The takeaway from this study is that Recovery.gov provides good data, but not always enough context (e.g. an explanation of SBA’s role) to understand the data. Yet in the absence of Recovery.gov, even learning that Sheep Mountain Feed received a government-backed loan would have been difficult, so the official website is a helpful starting point for people motivated to track stimulus money.

By disseminating information about a Montana-based loan to citizens in every state, including citizens not predisposed to support any specific local project, Recovery.gov provides the public with information about what the government is doing and invites feedback. How the government processes this feedback—and in general takes advantage of the insight of people inside and outside the Federal government—is an open question, but at least the Recovery Board is on it, and now it’s also the focus of a working group (pursuant to OMB’s December 8, 2009 Open Government Directive).

In that spirit, here are a few suggestions for making Recovery.gov more useful to people trying to track SBA-backed stimulus loans.

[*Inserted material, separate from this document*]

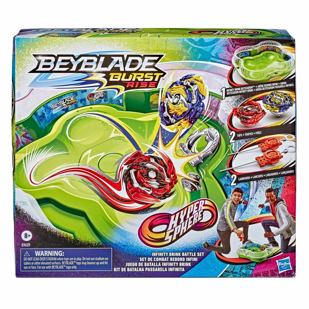 Includes everything needed to battle: Beyblade Burst Hypersphere Infinity Brink Beystadium, 2 right/left-spin Beyblade Burst launchers and 2 Hypersphere battling tops consisting of:
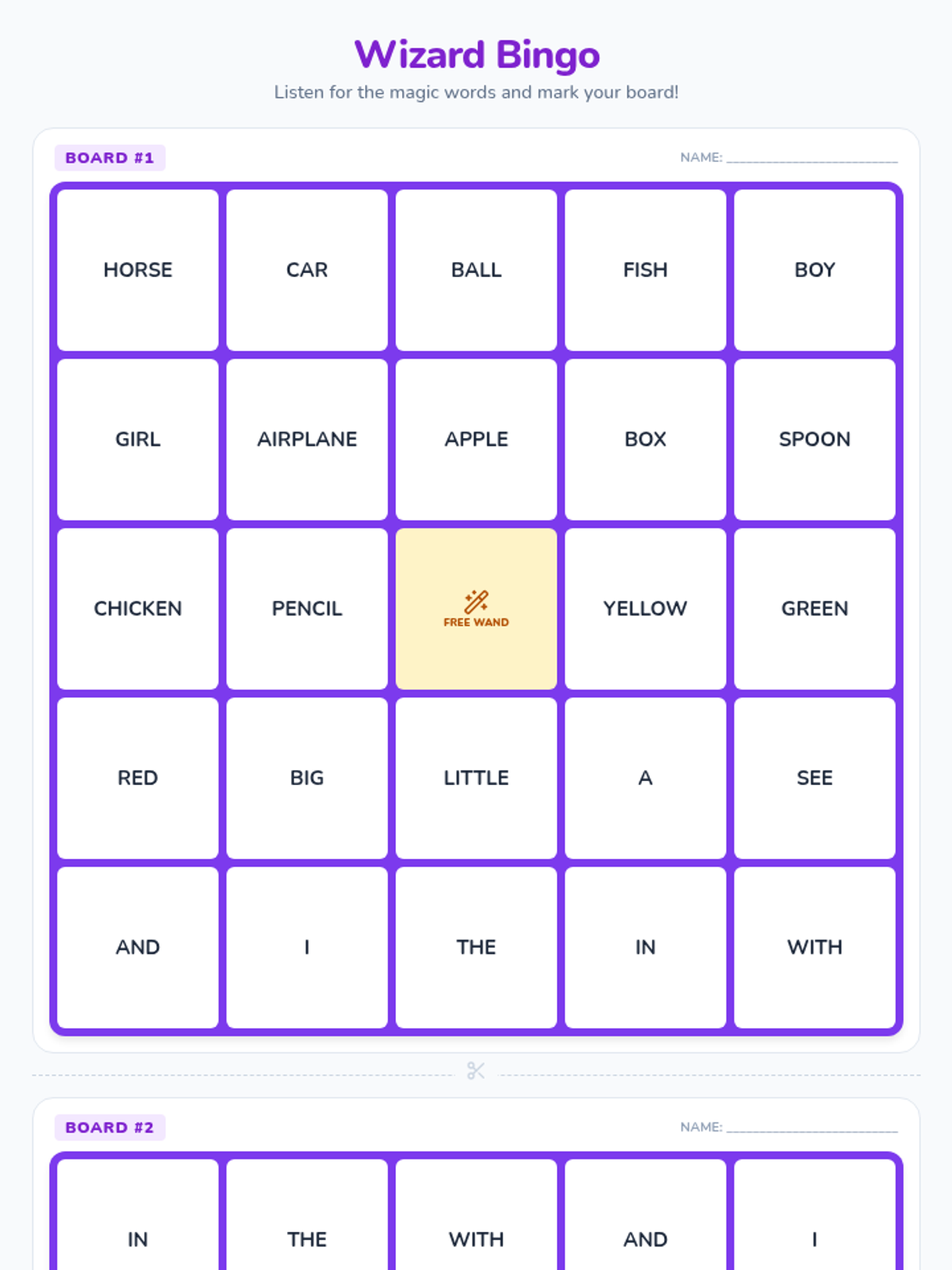 Two unique 5x5 Wizard Bingo boards featuring the target vocabulary words. Includes a decorative "Free Wand" center space and magical theme consistent with the lesson set. Both boards use a standardized set of 24 words.

(1) Create web links to the SBA website where the agency explains how the standard and stimulus-enriched 7(a) loan program works (SBA itself does not make loans, but instead guarantees a portion of loans made and administered by banks);

(2) Create links to the Small Business Act (15 U.S.C. § 636, as amended), the relevant provisions of the American Recovery and Reinvestment Act of 2009 affecting the SBA, (ARRA, P. L. 111-5, §§501-502), and the provisions of the Department of Defense Appropriations Act, 2010 that extend the stimulus-enriched SBA program through the end of February 2010;

(3) Establish links from Recovery.gov to USASpending.gov, particularly targeted links showing the source of the stimulus loan information. Recovery.gov does explain that “Agency Reported Data” comes from three sources, including USAspending.gov, but there are no links from stimulus projects to USASpending.

This project was more about Recovery.gov than the SBA, but listening to President Obama urge the creation of a Small Business Lending Fund because it “will help small banks do even more of what our economy needs – and that’s ensure that small businesses are once again the engine of job growth in America,” there was the obvious question about the $90,000 loan to Sheep Mountain Feed: Would it create or retain any jobs? I put this question to Deb. She said that the loan “created” one full-time job, her job running the business. She’s also employing a dog-groomer part-time, and another part-time employee (a student) who works on weekends. Getting these facts is easier than knowing if the full $90,000 loan to Sheep Mountain Feed should be credited to the Recovery Act. Would the business have received the loan anyway, even without SBA’s extra 5% guarantee and the temporary elimination of $2,790.00 in fees? The only sure thing is that estimating the employment impact of the Recovery Act is complicated (it was the subject of a recent OMB Guidance Memorandum). That’s something everybody can agree on.